>>>>>

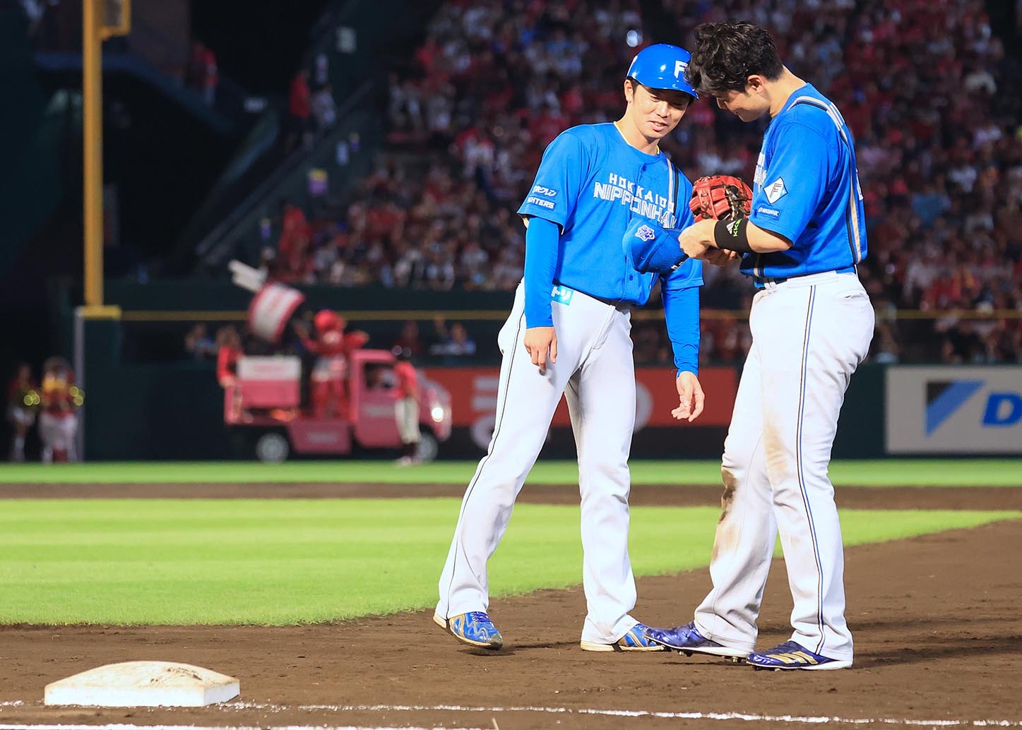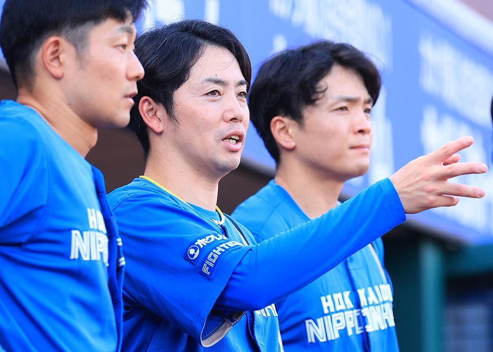 谷内コーチの気遣いに、一塁を守る選手たちは感謝の言葉を伝えてくれる。「ファーストに入る人は全員、言ってくれますよ。ジェイ(野村)もそうだし、(清宮)幸太郎も郡司も言うし。整備している間は、ちょっとした会話もできる。守備の確認したり、バッティングはこうだねとか。いい感じだから次、頑張れよと、そういう話もできるのでちょうどいいです」と、コミュニケーションの場にもなっているという。
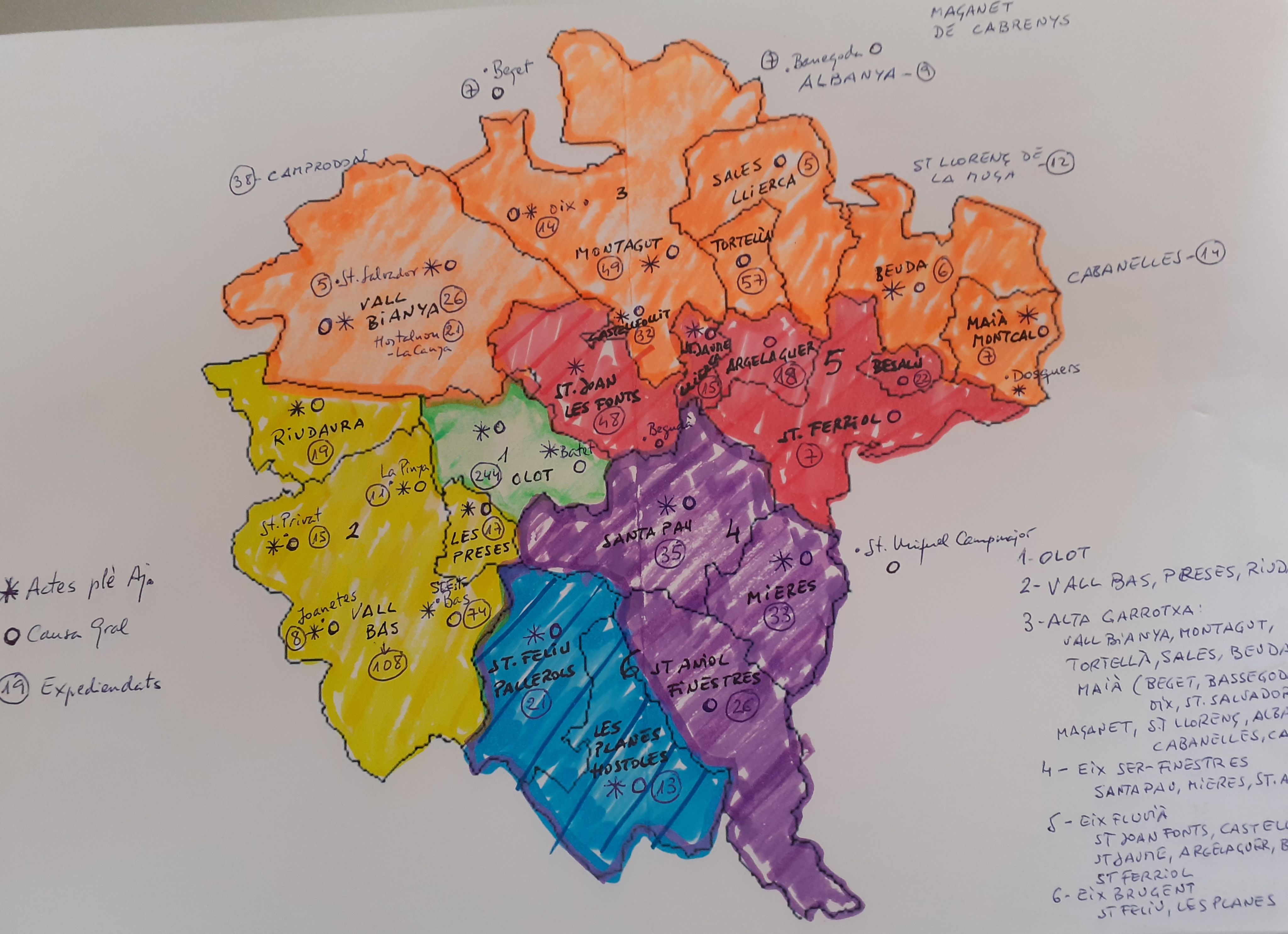 Com que el projecte està ambientat en els temps de la Guerra Civil, és important tenir en compte que antigament les divisions territorials no eren les mateixes. Actualment la Garrotxa té 21 municipis, però l’any 1936 en tenia un total de 30, explica la santjoanenca al DdB.
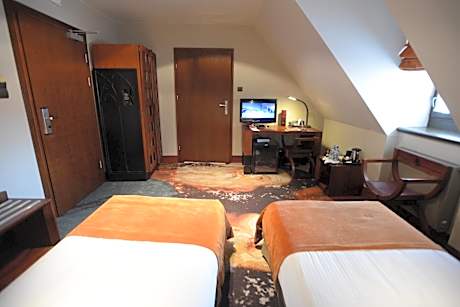 This single room features am electric kettle, a bathrobe and satellite TV. Located in the Baroque east wing, if features décor corresponding to the historical architecture of the property. A standard single bed with dimensions of 90 x 200. The style and interior design of the rooms refers to the historical architecture of the building. An excellent choice for business travelers.
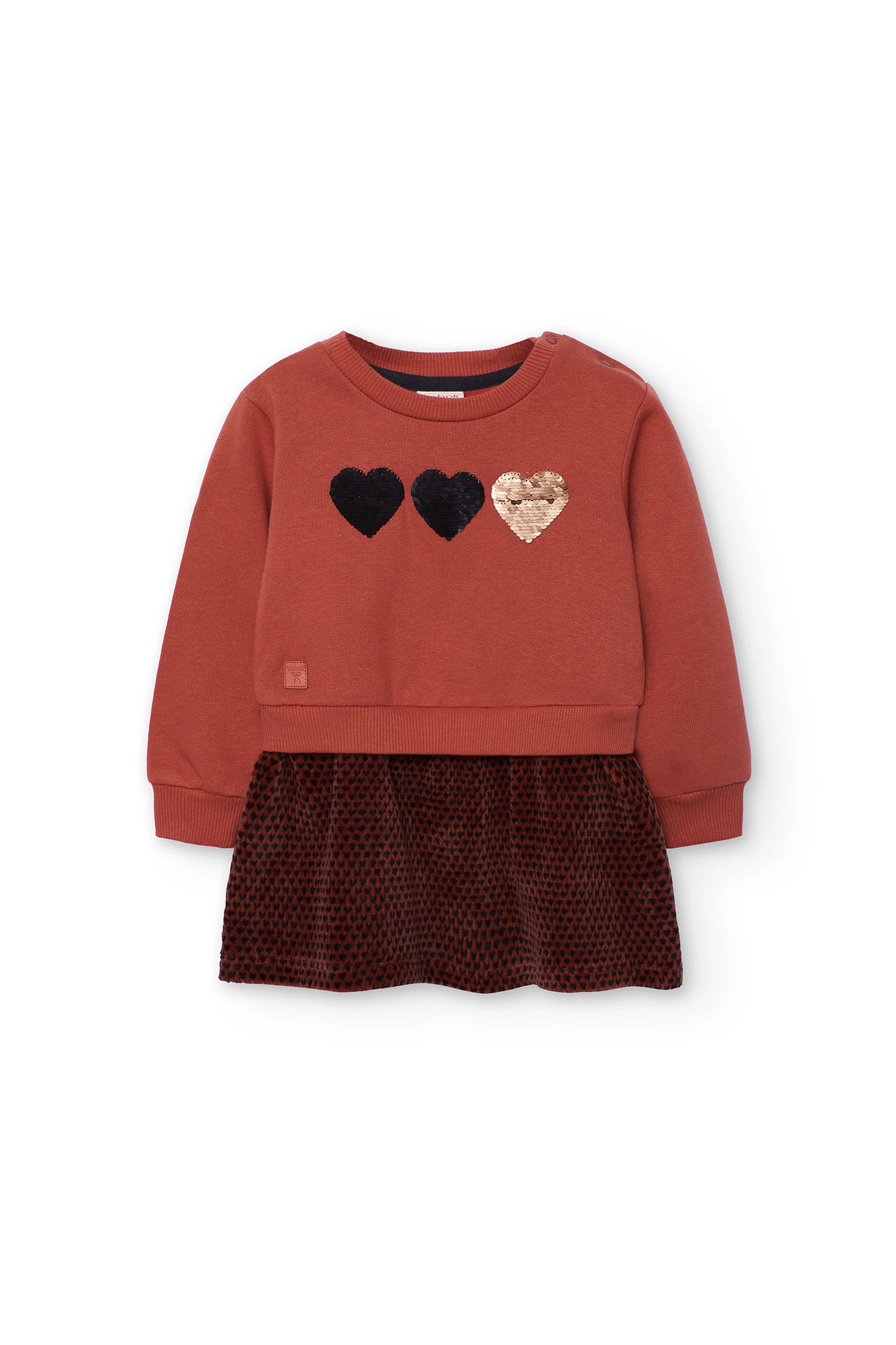 Vestito per bambina di colore arancione decorato con cuori, perfetto per la stagione autunnale e invernale. Realizzato in un materiale morbido e accogliente, offre calore e libertà di movimento. Design con scollo rotondo che consente di vestire la tua piccola con facilità. Disponibile in taglie da 12 mesi a 10 anni, si abbina idealmente con leggings o collant, assicurando un aspetto adorabile e confortevole per ogni occasione.
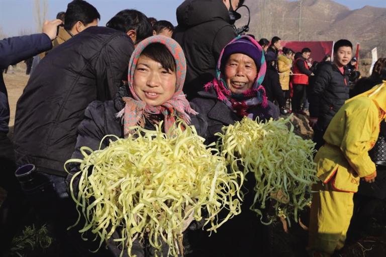 “今年地頭價(jià)每斤15元,這還是頭一回。”勞動(dòng)間隙,村民們議論著韭黃的價(jià)格,隨后把一筐筐金燦燦的韭黃放在商販的稱上,接著到手的便是一疊疊鈔票。“給韭黃抖土感覺就像數(shù)錢一樣,嘿嘿,麥草下的‘黃金’今年又豐收了。”村民們你一言我一語,爽朗的笑聲回蕩在冬日的余暉里。

<<<<<

WORK ORDER » Leave the pictures out. Otherwise, output the listing above exactly.

PROBLEM SOLUTION »
 谷内コーチの気遣いに、一塁を守る選手たちは感謝の言葉を伝えてくれる。「ファーストに入る人は全員、言ってくれますよ。ジェイ(野村)もそうだし、(清宮)幸太郎も郡司も言うし。整備している間は、ちょっとした会話もできる。守備の確認したり、バッティングはこうだねとか。いい感じだから次、頑張れよと、そういう話もできるのでちょうどいいです」と、コミュニケーションの場にもなっているという。
 Com que el projecte està ambientat en els temps de la Guerra Civil, és important tenir en compte que antigament les divisions territorials no eren les mateixes. Actualment la Garrotxa té 21 municipis, però l’any 1936 en tenia un total de 30, explica la santjoanenca al DdB.
 This single room features am electric kettle, a bathrobe and satellite TV. Located in the Baroque east wing, if features décor corresponding to the historical architecture of the property. A standard single bed with dimensions of 90 x 200. The style and interior design of the rooms refers to the historical architecture of the building. An excellent choice for business travelers.
 Vestito per bambina di colore arancione decorato con cuori, perfetto per la stagione autunnale e invernale. Realizzato in un materiale morbido e accogliente, offre calore e libertà di movimento. Design con scollo rotondo che consente di vestire la tua piccola con facilità. Disponibile in taglie da 12 mesi a 10 anni, si abbina idealmente con leggings o collant, assicurando un aspetto adorabile e confortevole per ogni occasione.
 “今年地頭價(jià)每斤15元,這還是頭一回。”勞動(dòng)間隙,村民們議論著韭黃的價(jià)格,隨后把一筐筐金燦燦的韭黃放在商販的稱上,接著到手的便是一疊疊鈔票。“給韭黃抖土感覺就像數(shù)錢一樣,嘿嘿,麥草下的‘黃金’今年又豐收了。”村民們你一言我一語,爽朗的笑聲回蕩在冬日的余暉里。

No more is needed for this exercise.